Jakarta, Gesuri.id - Ketua DPP PDI Perjuangan Deddy Sitorus mengakui, hadirnya Jokowi dalam panggung politik di Indonesia merupakan kesalahan besar. PDI Perjuangan tidak menyangka Jokowi yang dididik jadi kader, justru merusak demokrasi di akhir masa jabatannya sebagai presiden.
Deddy menyampaikan permohonan maaf mengenai hadirnya Jokowi dalam politik Tanah Air.
"Terus terangnya, mohon maaflah Jokowi hadir dalam panggung politik dosa kita [kami-Red], tapi kan kita enggak dosa dengan kelakuannya semua, kan," kata Deddy saat menghadiri rilis survei dari Nagara Institute dengan tema Toleransi Pemilih Terhadap Politik Dinasti pada Pemilu dan Pilkada 2024 di Kantor Nagara Institute, Tebet, Jakarta Selatan, Kamis (19/12).

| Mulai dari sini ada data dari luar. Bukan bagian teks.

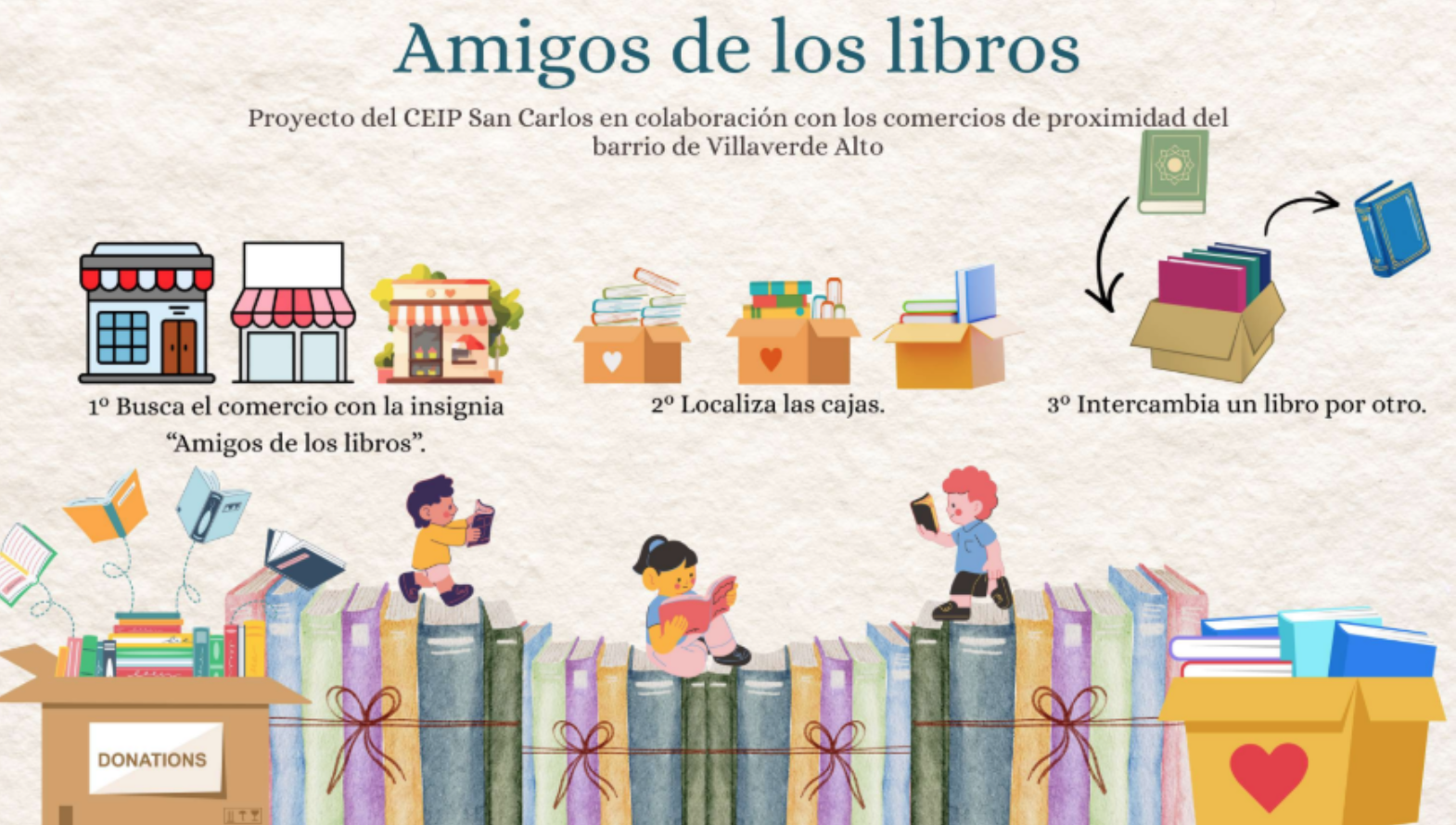 Nuestro propósito consiste en animar a algunos comercios próximos al colegio a que colaboren con nuestros alumnos que, con gran ilusión, les visitarán con sus maestros para explicarles el proyecto. Los comerciantes solo tendrán que aceptar, el día 23 de abril, una caja con libros y cuentos donados obteniendo así la insignia de Amigos de los Libros que podrán lucir orgullosos en el escaparate de su local y de esta manera poder ser localizados por los vecinos. Los niños del barrio podrán acceder a esta pequeña biblioteca cogiendo un libro cuando la visiten y dejando a su vez libros que tengan en casa y que ya han leído, con el objetivo de mantener siempre vivos estos pequeños rincones literarios.

"Masa kita harus tanggung jawab juga [semuanya]? Yang bener aja dong kita tanggung jawab, dia (Jokowi bertanggung jawab) sama Tuhan," tambahnya.
PDI Perjuangan adalah kendaraan politik Jokowi saat meniti karier sebagai wali kota Solo dua periode, gubernur Jakarta, dan presiden dua periode. Anak dan menantu Jokowi juga memakai PDI Perjuangan sebagai kendaraan untuk maju wali kota Solo (Gibran RR) dan wali kota Medan (Bobby Nasution).
Anggota Komisi II DPR yang dikenal vokal ini mengatakan, sistem politik di Indonesia sebenarnya sudah sangat baik jika dijalankan sebagaimana mestinya.
Akan tetapi, pada praktiknya, para elite politik menjadi pihak yang merusak demokrasi. Melalui politik uang hingga pihak yang ingin terus berkuasa menggunakan berbagai macam cara.
"Saya sepakat, apa sih jantung dari demokrasi? Ya, pemilu. Karena demokrasi itu berasal dari kata demos [rakyat] dan kratos [kekuasaan]. Dari situ aja kan sudah jelas definisinya. Artinya kekuasaan oleh rakyat. Bukan kekuasaan rakyat yang diwakilkan, makanya prinsip pemilu adalah langsung, umum, bebas, rahasia," ucap Deddy.
Deddy menekankan, rusaknya demokrasi, tidak fair jika menyalahkan rakyat. Ia menegaskan, yang harus bertanggung jawab adalah elite politik dan partai.
"Siapa yang rusak? Rakyatnya? Ya elitenya, calonnya, partainya. Karena apa? Karena memang itu tadi pelembagaan partai politik itu enggak jalan, rekrutmen itu enggak jalan dengan baik. Itu problem, luar biasa, jadi jangan salahkan rakyat," ujar Deddy.
"Kenapa rakyat akhirnya mau terima (duit)? 'Ya gue 5 tahun enggak tahu lu (calon anggota dewan dan kepala daerah) ngapain, lu dateng lagi minta suara gue, bayar dong. Lu kan dapet gaji, dapet privilege, masa kita gak dapet apa-apa'. Akhirnya kan orang berpikir seperti itu," pungkasnya.